**Assignment**: Starting from the line with "Bottega Veneta Diago" and going up to and including the line with "Twelve-year old Eliana", copy the listing below exactly. Leave all images out.
----
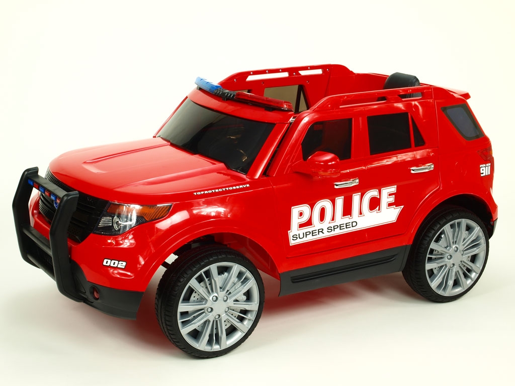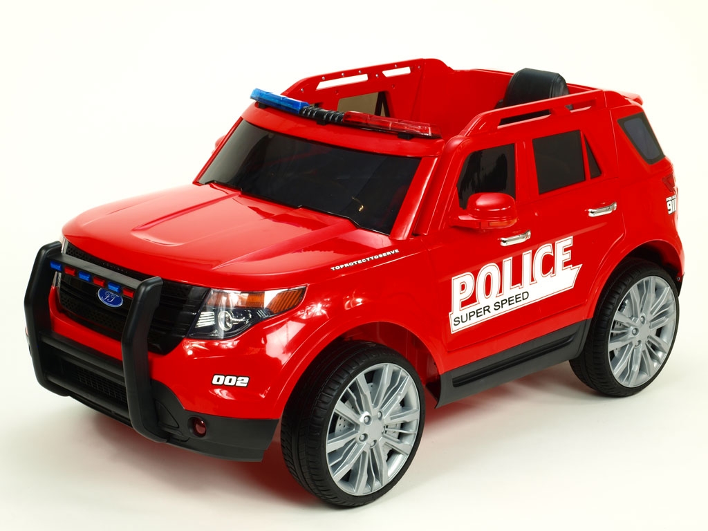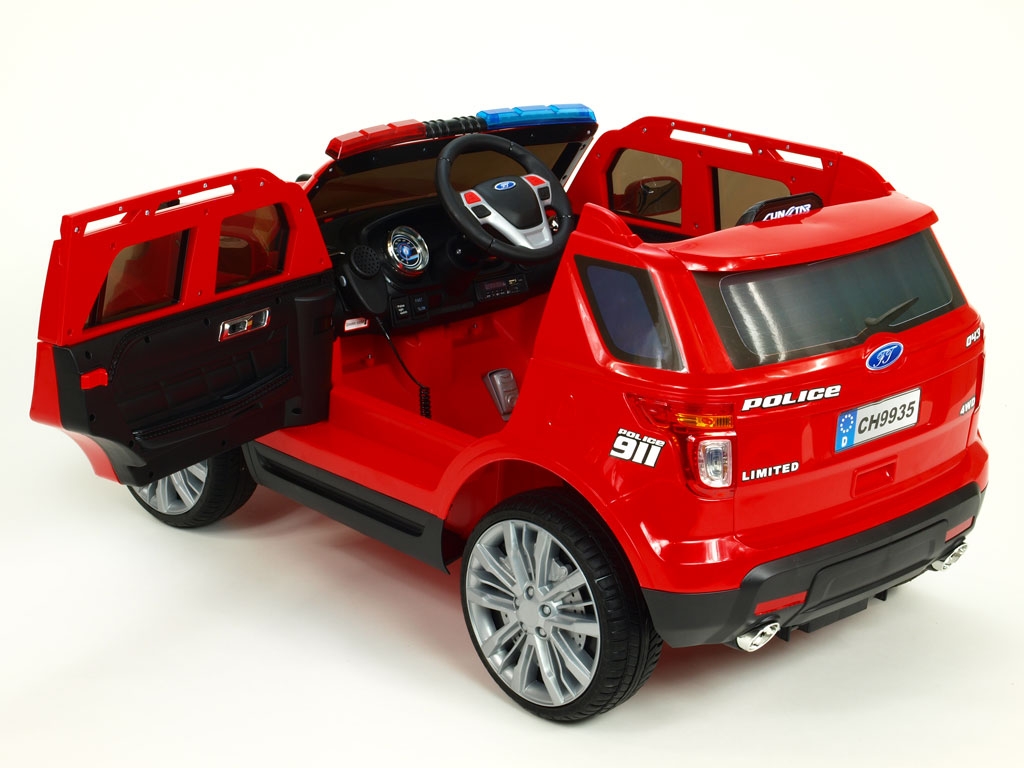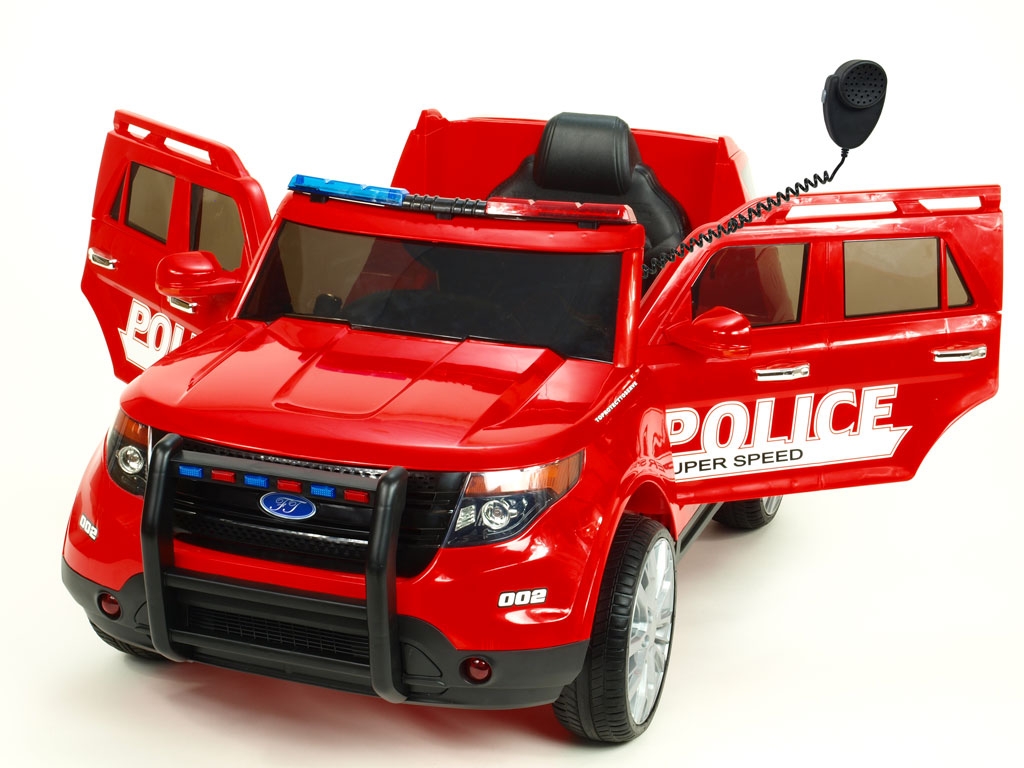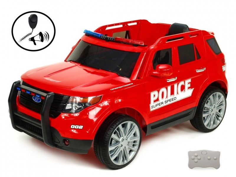 Elektrické auto USA policie s 2,4G, megafon, policejní LED a zvukové efekty, červené
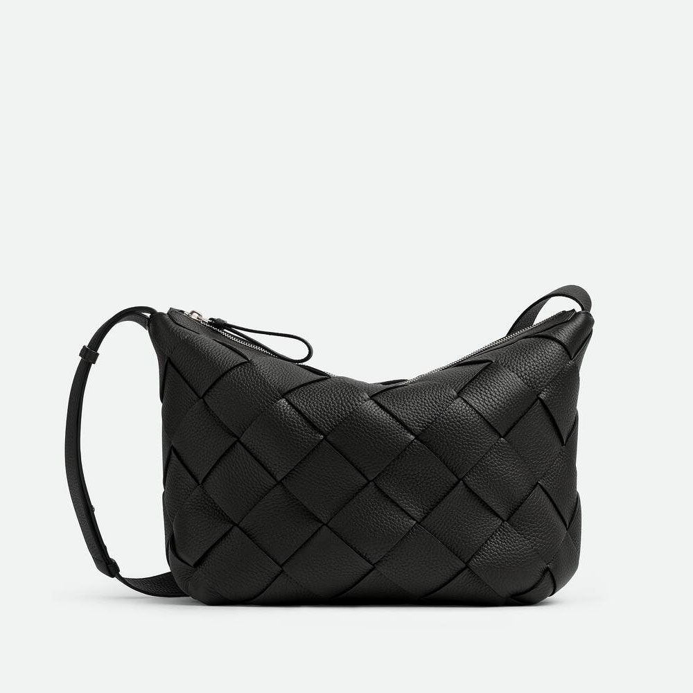 Bottega Veneta Diago Hobo in Black is a versatile men's accessory that pairs effortlessly with various styles. For a sleek urban look, layer a tailored charcoal blazer over a black turtleneck, matched with slim-fit dark denim.
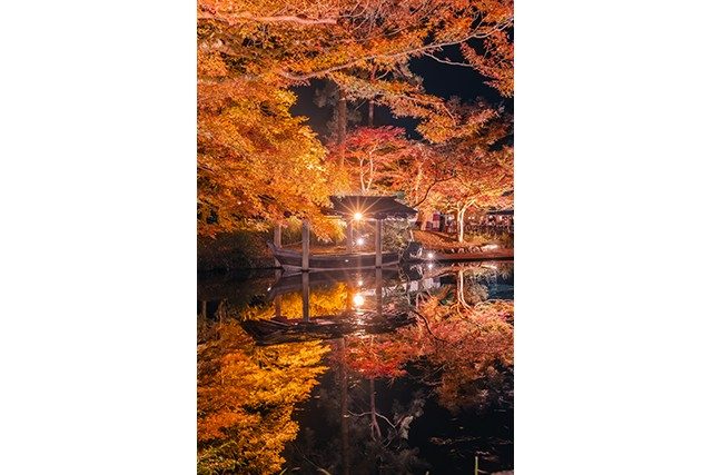 “20世紀最大の木造建築”と言われている長生殿をはじめ、多くの貴重な建築物が立ち並ぶ「大本神苑」。秋になると境内が紅葉で真っ赤に染まり、絶景を織りなします。紅葉が見頃を迎える頃には「綾部もみじまつり」を開催。3日間にわたってライトアップされ、光と紅葉が水面に映る光景は神秘的です。29日と30日には野だてや箏の演奏会、屋台の出店などもあり、お祭りの雰囲気が楽しめます。境内を鮮やかに彩る紅葉を愛でながら秋のひとときを過ごしてみては。
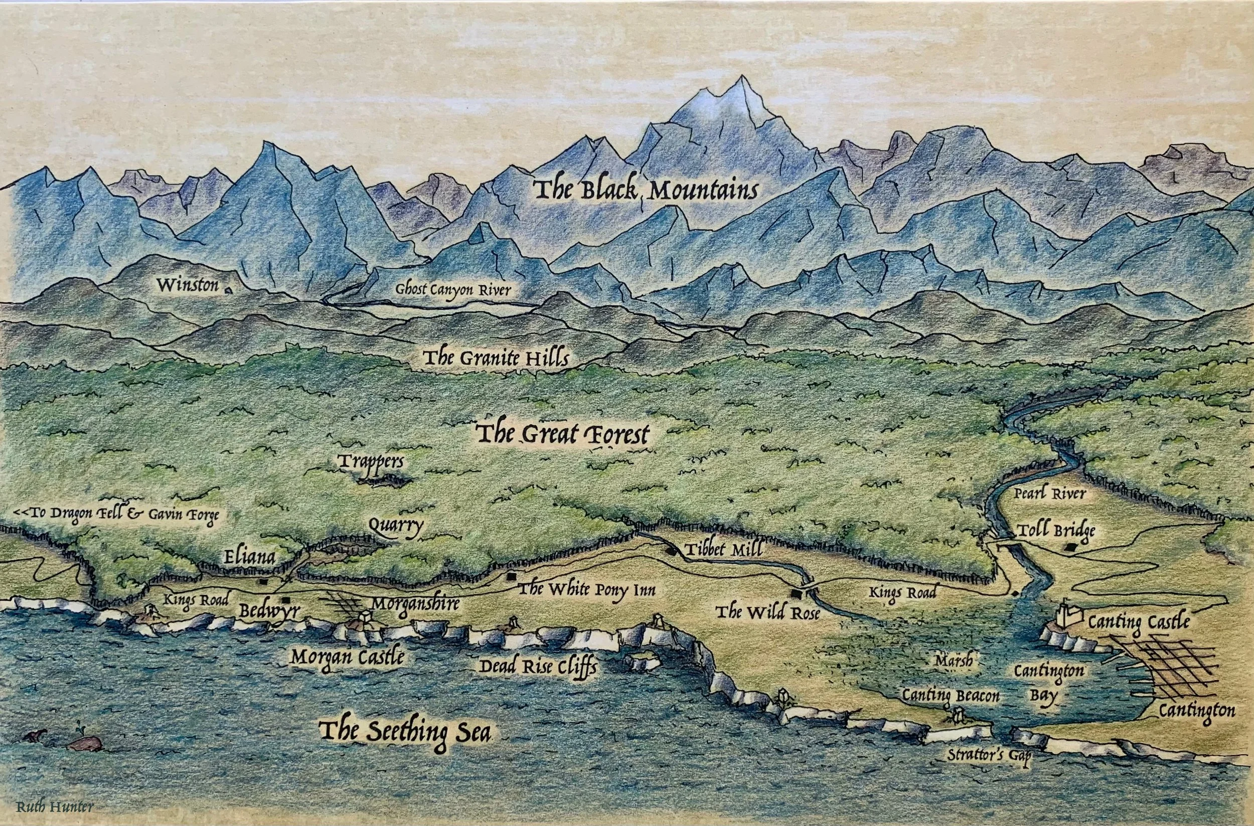 Twelve-year old Eliana lives with her family in the countryside of Morganshire, which is just north of the Dead Rise Cliffs. These aptly named cliffs drop to the Seething Sea. Just beyond Kings Road is the Great Forest. North of the forest are the Granite Hills and the Black Mountains.
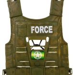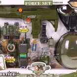 - Gilet à fermeture, masque avec lunettes, casque, fusil avec viseur, jumelles, grenade, montre, sifflet, badge/médaille, talkie-walkie (à piles), boussole, écouteurs, couteau en plastique sécurisé, gamelle, porte-clés
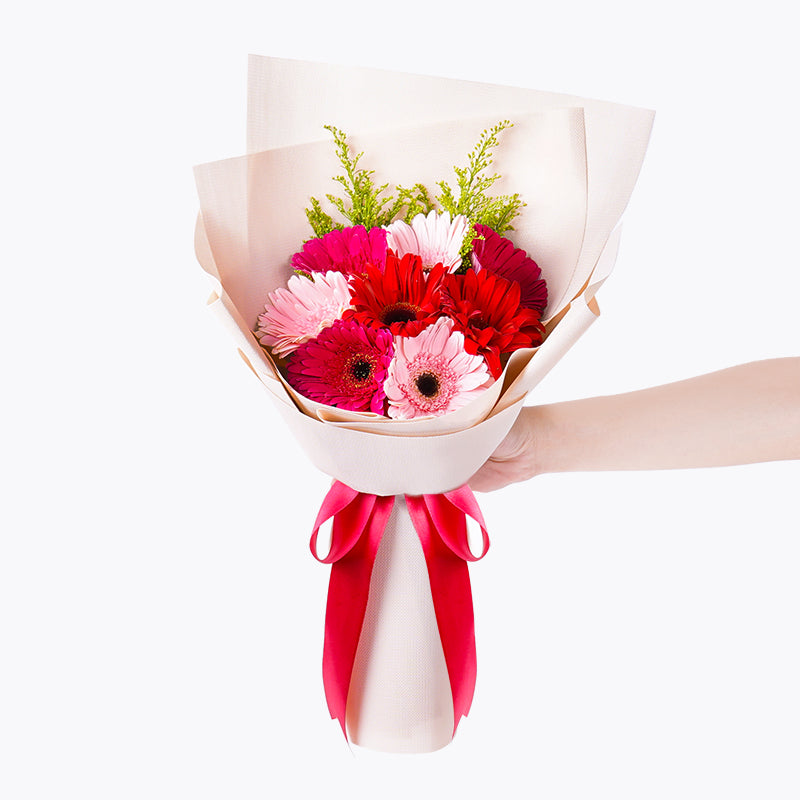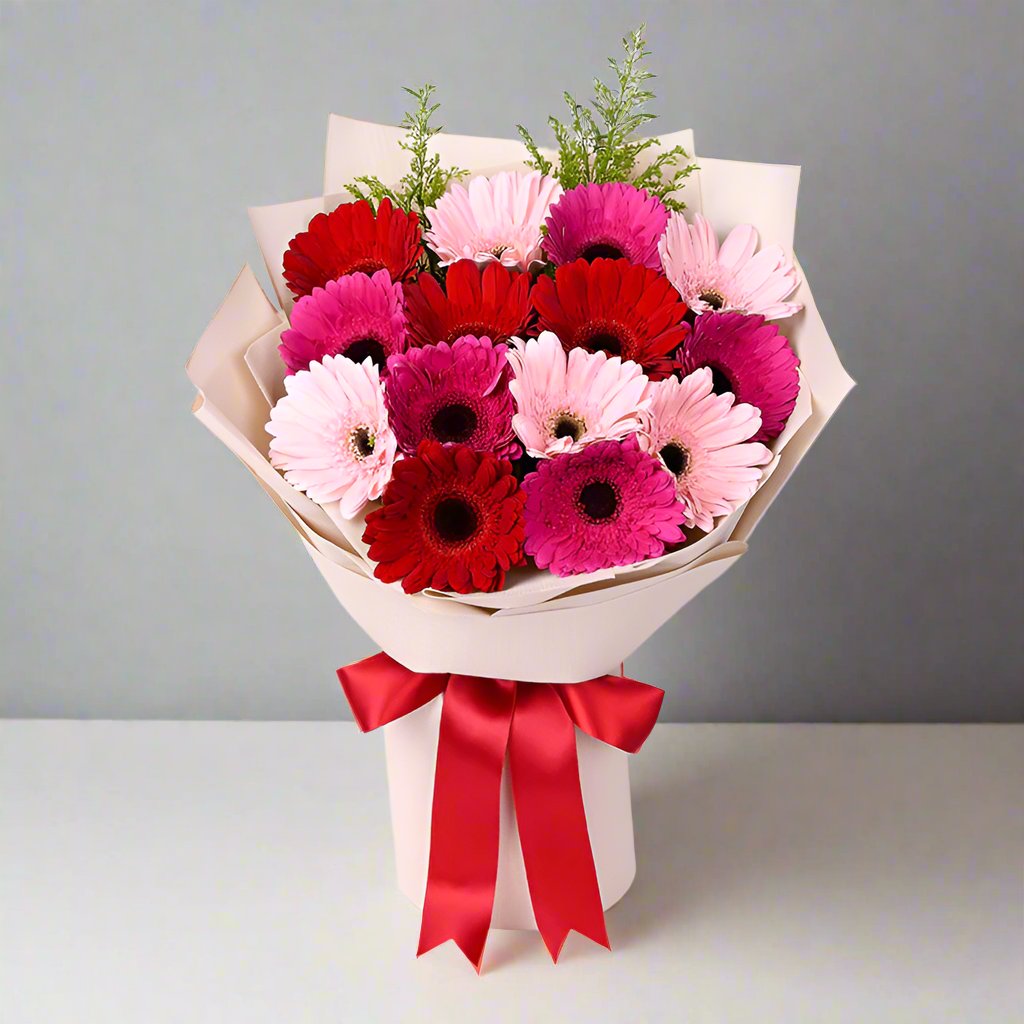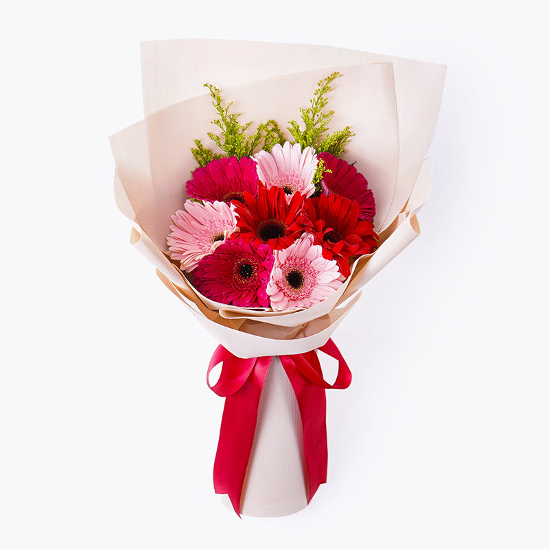 A bright bouquet decked with light pink gerberas, shocking pink gerberas, and red gerberas. Surely to put a smile on someone's face upon receiving this wonderful gift!
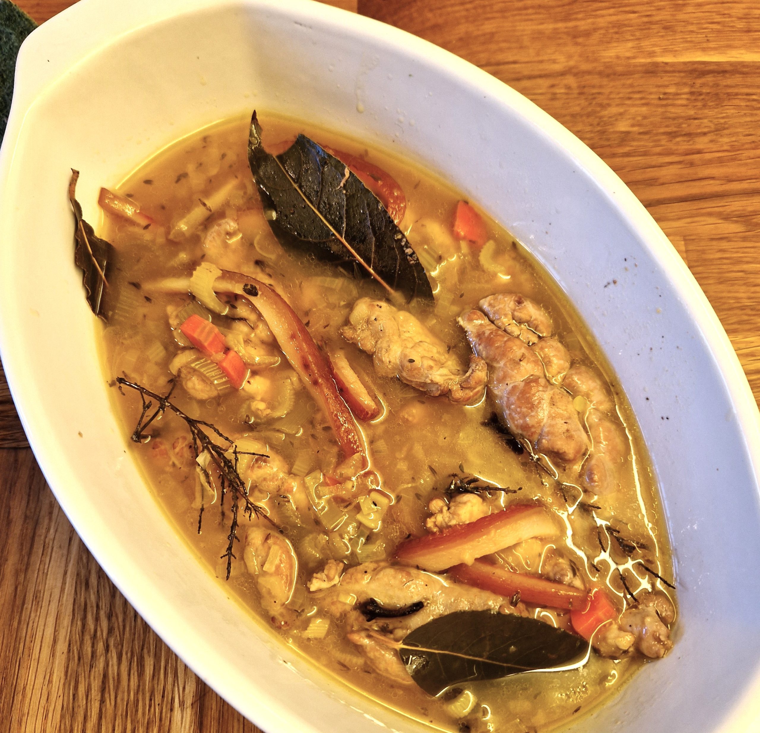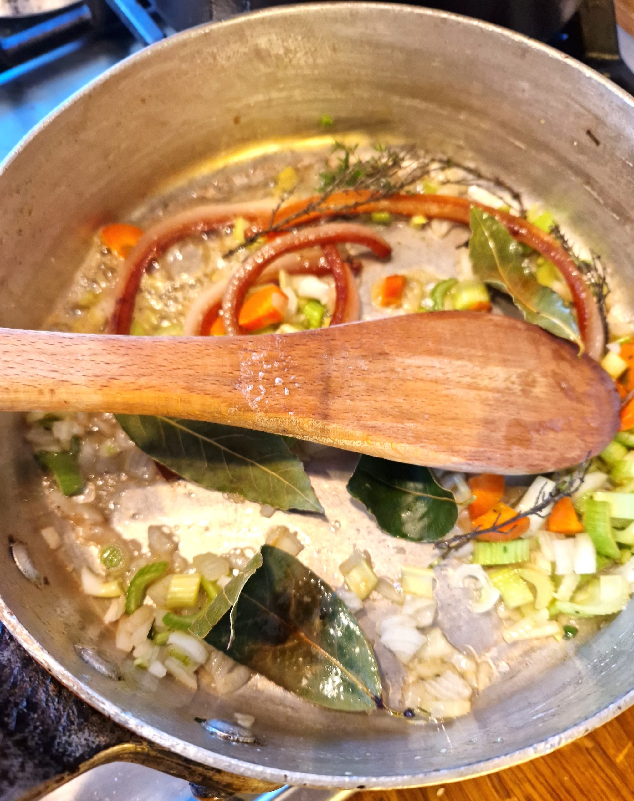 2) Gently saute chopped carrots, celery, leeks and garlic, add fresh bay, thyme, peppercorns and cloves. I also included the leftover rind from a couple slices of cured pork belly, but I would omit this instead of substituting with bacon as the smokey flavor will be too strong.
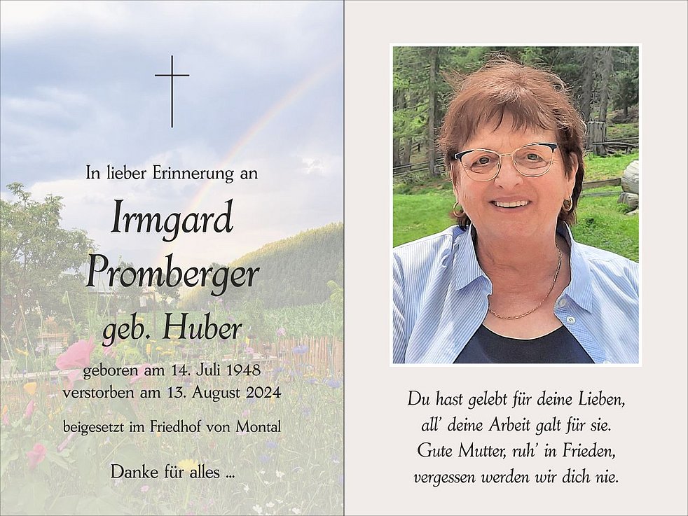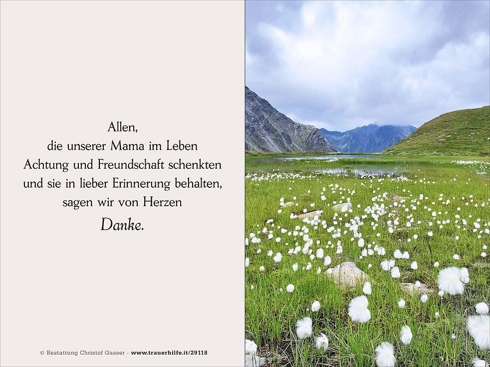 Unser aufrichtiger Dank gilt dem Hausarzt Herrn Dr. Martin Kofler sowie den behandelnden Ärzten und dem Pflegepersonal am Krankenhaus Bruneck, besonders Frau Dr. Monika Hilber mit ihrem Team der Abteilung Palliativ für die liebevolle Betreuung.
----
**Response to the exercise**:
 Bottega Veneta Diago Hobo in Black is a versatile men's accessory that pairs effortlessly with various styles. For a sleek urban look, layer a tailored charcoal blazer over a black turtleneck, matched with slim-fit dark denim.
 “20世紀最大の木造建築”と言われている長生殿をはじめ、多くの貴重な建築物が立ち並ぶ「大本神苑」。秋になると境内が紅葉で真っ赤に染まり、絶景を織りなします。紅葉が見頃を迎える頃には「綾部もみじまつり」を開催。3日間にわたってライトアップされ、光と紅葉が水面に映る光景は神秘的です。29日と30日には野だてや箏の演奏会、屋台の出店などもあり、お祭りの雰囲気が楽しめます。境内を鮮やかに彩る紅葉を愛でながら秋のひとときを過ごしてみては。
 Twelve-year old Eliana lives with her family in the countryside of Morganshire, which is just north of the Dead Rise Cliffs. These aptly named cliffs drop to the Seething Sea. Just beyond Kings Road is the Great Forest. North of the forest are the Granite Hills and the Black Mountains.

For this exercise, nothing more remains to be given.